With an average of around seven children, Amish families are hefty by modern standards.  Farm families tend to be the biggest.  A dozen or more children is not rare.  But the largest Amish family ever?  Read on to learn about one possibility:

John Troyer, who lived near Kokomo, Indiana, had an unusually large family, perhaps the largest of all time among the Amish or Mennonites.  John was first married to Catherine Schrock who bore him twelve children.  Following her death he married her cousin Caroline (Schrock) Kendall, a young widow with two children.  John and Caroline in turn had seventeen additional children.  This made a total of 31 children.

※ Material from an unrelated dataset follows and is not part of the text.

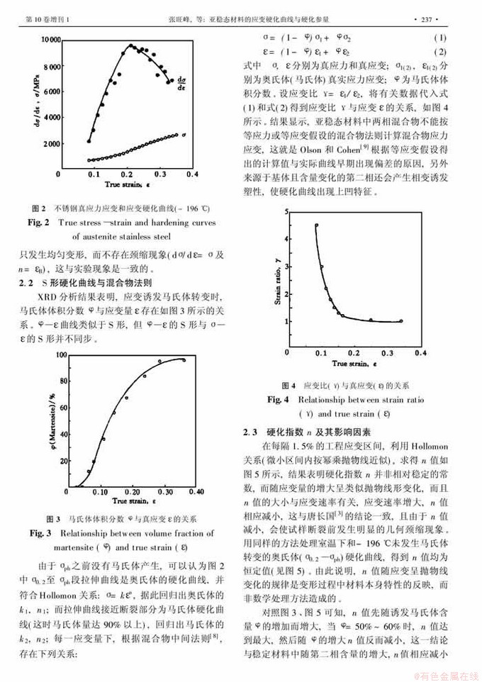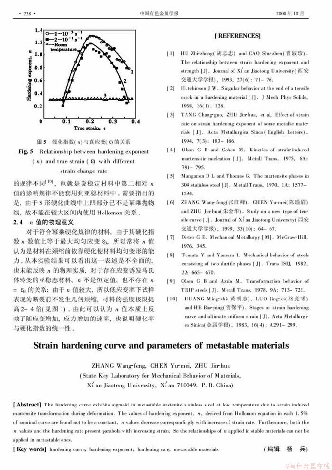 Key words:hardening curve; hardening exponent; hardening rate; metastable materials

No word on whether John needed name tags to keep track of them all.

(Source:  Joseph Stoll, “Amish and Mennonite Family Names”, Family Life, March 1969)

 

How many children does an average Amish family have?

Amish families are large, with 6-7 and even up to 9 children on average

In contrast to modern society, an Amish couple expects to have a large family, and an Amish woman often becomes pregnant shortly after her wedding.  Amish view children as gifts from God, and thus the use of contraception is frowned upon.

However, birth control and other family planning methods may be practiced by some Amish, particularly in more progressive communities.  Yet Amish families remain large, with an agrarian tradition and a need for manual labor also supporting a high Amish birth rate.

Amish family size

Amish typically have between 6-8 children.  The number of children may vary by community, though 6 or 7 are often cited as averages for the Amish as a whole. 

Nolt and Meyers note a range of family sizes among Amish in Indiana, for example, with the Kokomo community averaging only 6 children, the Elkhart-Lagrange community 7, both Allen and Daviess counties with 8, and the Swiss Amish settlement at Adams County with a whopping 9 children per family (Amish Patchwork, Meyers and Nolt). 

A study by Hurst and McConnell found an average family size in Holmes County, Ohio of 5 children, though this figure includes families which have not completed their fertility cycle, and thus would be lower than one taking into account only completed families (Amish Paradox, Hurst and McConnell).

 However, due to varying factors which may include a shift away from farm work and greater openness among some Amish to family planning, Amish family sizes have in fact dipped slightly in some communities.